Se había congregado una pequeña multitud delante de las celdas de espera. Todos alegres y cotorreando. Con un gruñido, Insch los echó con cajas destempladas. ¿No sabían que lo que estaban haciendo era muy poco profesional? ¿Querían que la gente se pensara que lo de cometer agresión estaba bien? Los espectadores uniformados se dispersaron, contritos, dejando a Insch, Logan y el custodio policial delante de la puerta azul. El agente custodio estaba apuntando un nombre en un tablero al lado de la celda. Logan frunció el ceño: el nombre le resultaba familiar pero no sabía de dónde.

—¿Le importaría que le hiciéramos una pequeña visita al chico? —preguntó Insch en cuanto el agente acabó de escribir el nombre.

—¿Cómo? No, señor. Adelante. ¿Lleva usted la investigación?

Insch volvió a sonreír de oreja a oreja.

—¡Eso espero!

La celda era pequeña sin ser acogedora: suelo de linóleo marrón, paredes de color crema y un banco duro de madera apoyado en una pared. La única luz natural se filtraba a través de dos pequeños vidrios esmerilados muy resistentes empotrados en la parte superior del muro exterior. El cuartito apestaba a sobaco.

El ocupante de la celda estaba acurrucado en el banco de madera, tumbado de lado en posición fetal, gimiendo suavemente.

—Gracias, agente —dijo Insch—. Ya nos ocupamos.

—De acuerdo —repuso el custodio con un guiño, retirándose de la celda—. Llámenme si nuestro Mohammed Ali les causa algún problema.

La puerta de la celda se cerró con un ruido metálico sordo e Insch se sentó en el banco al lado del hombre acurrucado.

—¿Señor Strichen? ¿O puedo llamarte Martin?

El cuerpo cambió de posición.

—¿Martin? ¿Sabes por qué estás aquí?

Insch le hablaba en un tono suave y amistoso completamente distinto a cualquiera que Logan le hubiera oído emplear con ningún otro detenido.

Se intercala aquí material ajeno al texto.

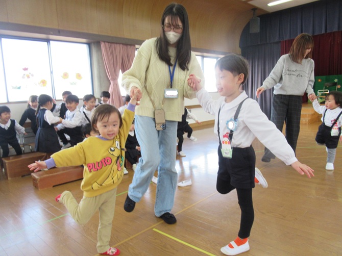 始業日は、ホールに全園児で集まり、「あけましておめでとうございます!」と元気に新年のご挨拶をしました。

Lentamente, Martin Strichen se incorporó y colocó los pies en el suelo. Los calcetines dejaron una huella húmeda en el linóleo. Le habían confiscado los cordones, el cinturón, y todo objeto que se considerara peligroso. Era gigantesco, no obeso, sino grande por todas partes: los brazos, las piernas, las manos, la mandíbula. Logan se detuvo cuando se fijó en los bultos del rostro del joven. Ahora sabía por qué le sonaba el nombre: Martin Strichen era el pajillero del vestuario femenino, el cautivo de la agente Watson, el que había acompañado a la cárcel de Craiginches. El que había prestado declaración en el juicio contra Gerald Cleaver.

No era de extrañarse que el chaval hubiera incrustado el puño en la nariz de Sandy el Serpiente.

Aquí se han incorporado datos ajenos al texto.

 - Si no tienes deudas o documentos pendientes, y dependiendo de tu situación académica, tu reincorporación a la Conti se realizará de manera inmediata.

—Lo han soltado —dijo, con una voz que apenas llegaba al susurro.

—Ya lo sé, Martin. Ya lo sé. No deberían haberlo liberado pero así es.

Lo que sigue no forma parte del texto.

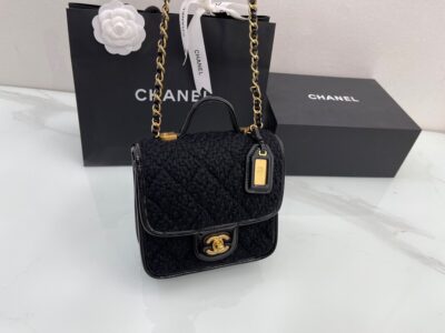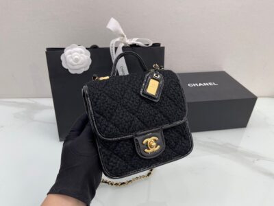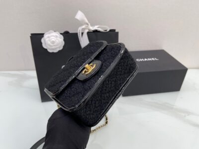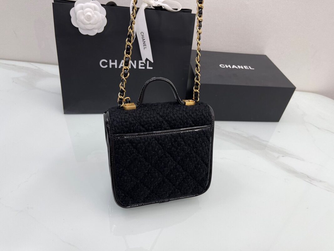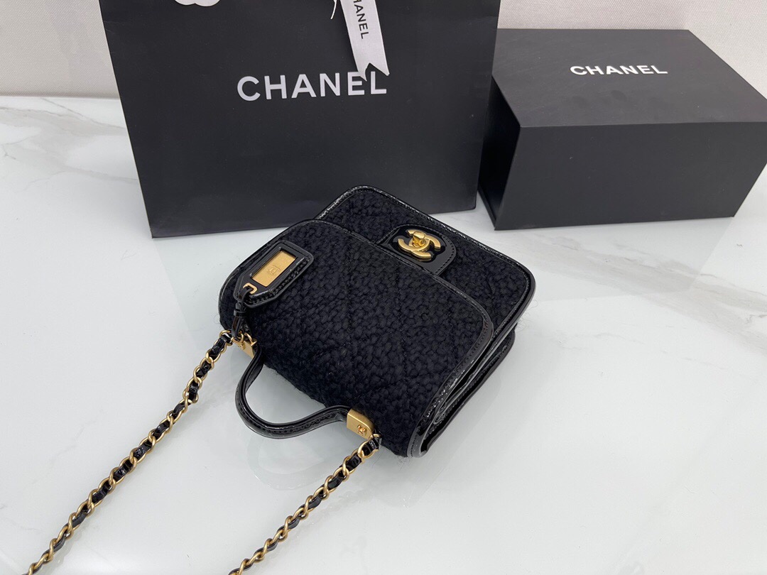 𝘾𝙝𝙖𝙣𝙚𝙡 •🆕🆕🆕22K Wool Tweed Handle Tofu Bag Nameplate Messenger Bag🖤22k tweed is really beautiful this autumn and winter! Very vintage!

—Lo soltaron por culpa del abogado.

Insch asintió con la cabeza.

—¿Y por eso pegaste al señor Moir-Farquharson?

Strichen masculló una respuesta ininteligible.

—Martin, voy a preparar tu declaración y te voy a pedir que la firmes, ¿de acuerdo?

—Lo han soltado.

Muy suavemente, Insch repasó los acontecimientos de la tarde con Martin Strichen, recreándose sobre todo en el momento del impacto. Logan fue anotando la versión de Strichen en la habitual jerga policial rebuscada. Aunque el joven no se declarara inocente, Insch puso especial esmero en hacer que pareciera que la culpa de todo fuera de Sandy el Serpiente. Que era la verdad de todos modos. Martin firmó la declaración e Insch lo puso en libertad.

—¿Tienes dónde ir? —le preguntó Logan cuando los tres atravesaban la zona de recepción y se dirigían hacia la puerta de entrada.

—Sí. Estoy en casa de mi madre. El juez dijo que tengo que quedarme allí hasta que haya cumplido las horas de trabajo comunitario —repuso, con los hombros todavía más encorvados.

Insch le dio una palmada en la espalda.

—Todavía llueve. Si quieres puedo llamar a un coche patrulla para que te acompañe a casa.

Martin Strichen se estremeció.

—Mi madre dice que me matará si vuelve a ver un coche de policía aparcado delante de su casa.

—Vale, como quieras —dijo Insch extendiéndole la mano.

Strichen se la estrechó, envolviéndosela con sus enormes dedos.

—Y Martin —añadió Insch, mirando fijamente a los ojos castaños y desazonados del chico—. Gracias.

Logan e Insch permanecieron al lado de la ventana, mirando cómo Martin Strichen se adentraba en la tarde lluviosa y desaparecía de su vista. Apenas eran las cuatro y ya había oscurecido.

—Cuando estuvo en el estrado —dijo Logan—, juró que iba a matar a Moir-Farquharson.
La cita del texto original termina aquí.